Been here lately and wonder why there’s no new lies? I have none! Actually that’s a lie right there. I was on vacation, by the time I returned and got back into a routine, I allowed myself to get busy again and not make time to post anything. I’m about to remedy that; just call me Pinocchio.
I work out 4-5 days a week. Please hold your applause until the end and no that’s not the lie. As I said, I work out 4-5 days a week. One hour of cardio, 20 minutes of strength training and stretching. This is not because I like public displays of Lycra, its because I retain water better than a bucket. My legs swell and the skin becomes tight and itchy. Picture water balloons stuffed into sandals. Not at all appealing. So I trudge away on the treadmill, vacillating between a feeling of euphoria (which I attribute to endorphins) and anger, that at 34 I have legs like someone three times my age, complete with varicose veins. Side note: also there’s at times a splash of superiority for being able to lift more than the Exercise Barbie next to me. Petty? Yes, but her public display of Lycra is so much better than mine so let me have this one.
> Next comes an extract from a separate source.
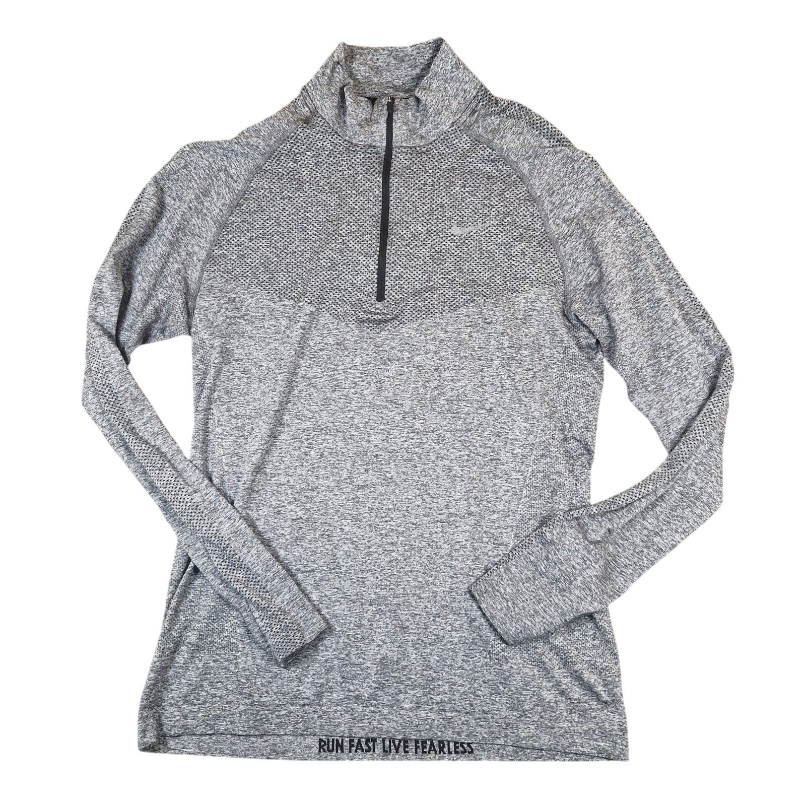 Nike Dri-FIT quarter zip running top in size Medium. Features “Run Fast Live Fearless” text on the sleeve, thumb holes, and a stand collar. Lightweight and breathable perfect for cool morning runs or layering. Pre-owned, no stains, tears or flaws.

When I come home from a long day, I like to put my feet up. Not in the metaphorical sense, I have to elevate them whenever possible. At work I have to sit for longer periods of time because like many, my work revolves around a computer. So to combat that I get up when I can to stretch and more often than not I prop my legs up on the tower of my computer. Much to the IT guy’s chagrin.
If I don’t do these things on a regular basis, my ankles swell to what I’m guessing a woman at nine months pregnant looks like. My friend Jeni is currently finishing her third pregnancy and is the picture of health; I’m more swollen than she is at this point.
Tonight as I sit here typing I can feel the fluid building in my ankles, making a puddle of skin around my size 10 feet. Ah! But that’s actually progress because I was 42lbs heavier last summer and wore a size 11 shoe. Some would point out the glass is half full! Unless its half full of ice cream, I don’t care. I just know that tomorrow after having been in prone position all night, I will shuffle into the shower and immediately the fluid will ooze down to my feet and before I’ve even gotten out the door to head to work, my toes, so pretty with their French pedicure, will be little piggies crying wee-wee-wee and want to go home.
Tonight’s lie (and 2 bonuses): my high heel shoes aren’t mocking me, my weight won’t be a constant source of frustration and I’ll grow another 3 inches in height to be more in proportion to my weight.